Everyone who went over there did not go over there to make America great again. They went over there for their own children. They went over there for their families to try to secure a better life for themselves and their families than the misery that America and that the West had inflicted on them in their home countries. So you don't owe anything to that country. You owe it to yourself to make a better life for yourself in spite of that country's determination to deny you a better life.

And the way to make a better life for yourself and for your children and for your community is to recognize that you do have to do it on your own with clear eyed understanding that that society is gonna try to hinder you in every way possible at every turn. So you need to understand your community as a nation within a nation, as a colonized nation within a colonizing nation. You understand me? And you need to understand that your struggle is adversarial in nature. You're not in a struggle to join the system, you're in a struggle to separate from the system.

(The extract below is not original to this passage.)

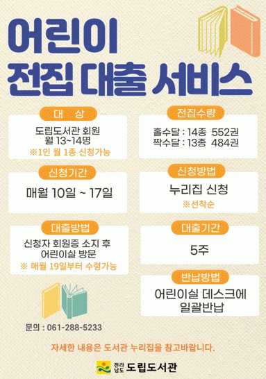 ‘어린이 전집 대출 서비스’는 전남도립도서관 누리집을 통해 신청하면 된다. 매월 10일부터 도립도서관 회원을 대상으로 신청받는다. 13~14명을 선착순으로 선정해 19일부터 전집을 대여하며 5주 동안 이용할 수 있다.

And that's the key difference between this, and the end racism approach. Because when you work to end racism and fail, which you will, you'll have nothing. You will have spent decades protesting, decades petitioning, decades voting and pleading, and you're still essentially in the same structural position that you were at the beginning because none of that built you any actual power. None of those actions built you any actual power. But when you work to build economic sovereignty and build an international relationships, even if you don't achieve the ultimate objective.

You've built real things. You have institutions now. You have networks now. You have alternatives now. You have leverage now.

You have reduced your dependency on systems and on people that hate you. That's a win. That's a practical strategy. That's practical morality. Like I said, you don't need pie in the sky, you need a bakery.

Understand everything that I'm telling you here, rests on one fundamental premise. You have to see reality clearly. You have to see it clearly. You have to stop believing in fairy tales about American democracy and equal opportunity and, believing in the eventual triumph of justice in America. You have to stop making your strategy dependent on racists having a moral awakening.

America is what it is and it always has been what it is and it will continue to be what it is. The violence, the exploitation, the dehumanization, none of that, represents a deviation. That's the normal operation of the system. I've said it many times. You need to build as if your survival depends on your own capabilities rather than upon their goodwill because it does and it always has.

Capability is the only currency in that country. I'm telling you. You are not going to end racism in America, but what you can do by building, by connecting with the global South, by identifying as and operating as a diaspora community, By building cohesion, by building capability within your community, you can make the racists incapable of holding you down and holding you back, and that's the moral thing to do.